Investments in Indian securities (equity and debt) made by foreign institutional investors (FIIs)/FPIs in 2013 was Rs 62,288 crore, Minister of State for Finance Nirmala Sitharaman said in a written reply in the Lok Sabha. FIIs had invested over Rs 1.63 lakh crore in 2012 and Rs 39,353 crore in 2011.

She said the government, in consultation with RBI and Sebi, has made concerted efforts to encourage capital inflows, which include enhancement of FII debt limit from time to time, replacement of existing FII scheme with FPI scheme with effect from June 1.

FPIs encompasses all FIIs, their sub-accounts and qualified foreign investors (QFI) under a new regime that comes into force on 1 June. The new regime divides FPIs into three categories as per their risk profile and the KYC (know your client) requirements and other registration procedures would be simpler.

She said the prevailing financial market conditions and anticipated future returns of the proposed investment and liquidity as well as volatility in markets are among the factors that influence FII/FPI investment decisions.

Meanwhile, equity benchmarks Sensex and Nifty hit new life-time highs on Friday but retreated on profit-booking in bluechips, including ICICI Bank, Wipro and Tata Motors, to log their first drop in nine sessions.

The BSE Sensex ended down 145.10 points, or 0.55 per cent, to end at 26,126.75 after surging to 26,300.17 intra day. On Thursday, the 30-share bluechip benchmark had ended at its all-time closing high of 26,271.85 and had also hit intra-day high of 26,292.66.

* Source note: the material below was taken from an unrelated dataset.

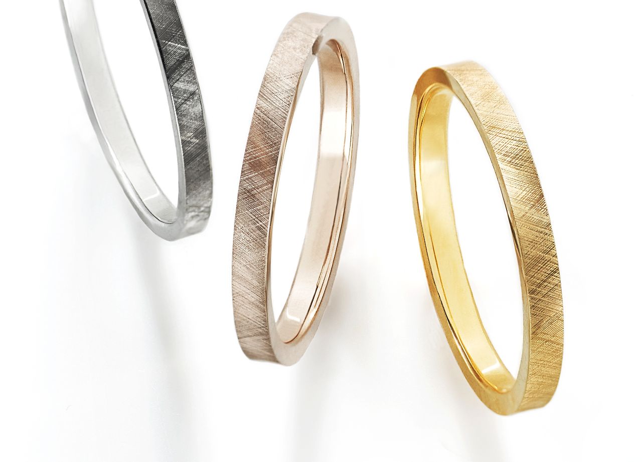 それによって、光が当たると反射して全体がキラキラと輝く、シンプルな中に控え目な華やかさを持ったリングです。

The NSE Nifty in early trade hit record 7,840.9 but ended below the key 7,800-mark to close at 7,790.45, down 40.15 points or 0.51 per cent. Its previous all-time high of 7,835.65 was hit on Thursday.

Marked losses in counters like RIL, SBI, HDFC Bank and Infosys also weighed on the market sentiment. Selling was seen mostly across-the-board as 10 out of 12 BSE sectoral indices closed in the red while only shares from healthcare and FMCG segments logged gains on defensive buying.

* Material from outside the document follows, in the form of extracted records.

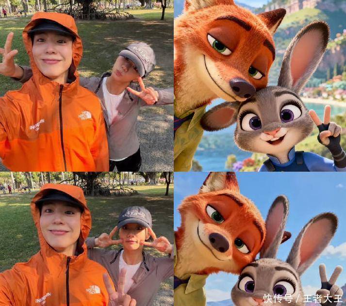 照片里俩人穿着休闲运动服,朴宝剑那蓝色的卫衣配李惠利的粉色裤子,网友们立马脑补成《疯狂动物城》里的朱迪和尼克。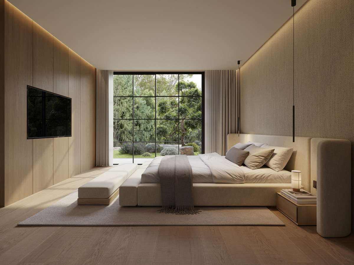 Le niveau principal est conçu avec soin pour séparer les espaces jour et nuit. L'espace nuit comprend une luxueuse suite parentale avec salle de bains et dressing, ainsi qu'un patio lumineux qui éclaire le couloir desservant trois chambres d'amis, chacune dotée de sa propre salle de bains. L'espace jour se compose d'un vaste séjour/salle à manger, d'une cuisine moderne, de toilettes invités et d'une buanderie. À l'extérieur, un porche-salon et une terrasse-salle à manger, complétés par des toilettes extérieures, une terrasse ouverte, une piscine avec solarium et deux jardins paysagers, offrent un cadre paisible idéal pour profiter du plein air.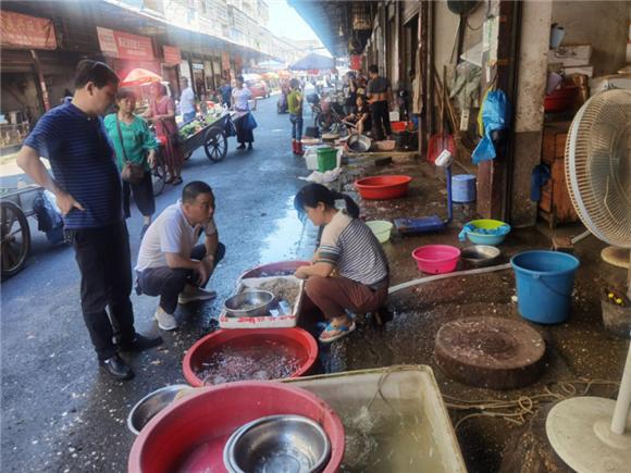 唐清云检查水产品摊位

‘The Indian markets saw a day of decline after running up rapidly in the past few sessions,’ said Kiran Kumar Kavikondala, Director & CEO, WealthRays Securities.

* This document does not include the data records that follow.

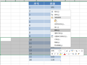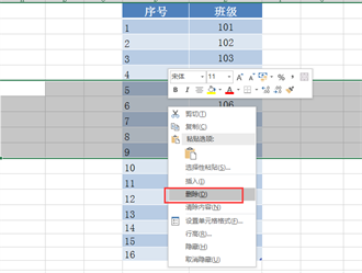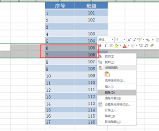 操作二:删除行操作,将现在的序号“6、7”行删除: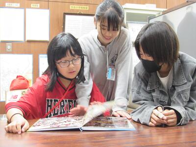 その横で、6年生が卒業アルバムを楽しそうに眺めていますよ。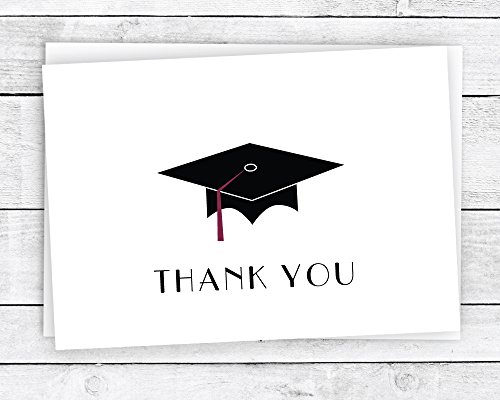 Graduation Cap with Colored Tassel Thank You Cards - 24 Cards & Envelopes (Maroon)

The mood seems to be cautious ahead of the expiry of Indian derivatives contract on 31 July, traders said, adding that persisting fears about a spike in oil price on Middle East and Ukraine violence continues to spook investors. Both the indices had gained about 5 per cent in the previous eight sessions, their longest in recent times. The Sensex had gained 1,264.87 points while Nifty 376.45 points in this period as overseas money chased encouraging corporate earnings.

Receding fears about Monsoon, uptick in macroeconomic data and the government’s reform push also contributed to the stupendous rally, said market analysts. Foreign Portfolio Investors (FPIs) picked up shares worth a net Rs 161.55 crore on Thursday, as per provisional data from the stock exchanges.

For the week, Sensex rose 485 points and Nifty spiked 127 points. Jignesh Chaudhary, Head of Research, Veracity Broking Services said: ‘Indices lost their way and closed weak as the day progressed. Profit booking was seen.’

Jayant Manglik, President-retail distribution, Religare Securities said, weak global cues and continued unrest in the Middle East and Ukraine have dampened the sentiments of market participants. Also, lower than expected results from Wipro added to that negativity, he added.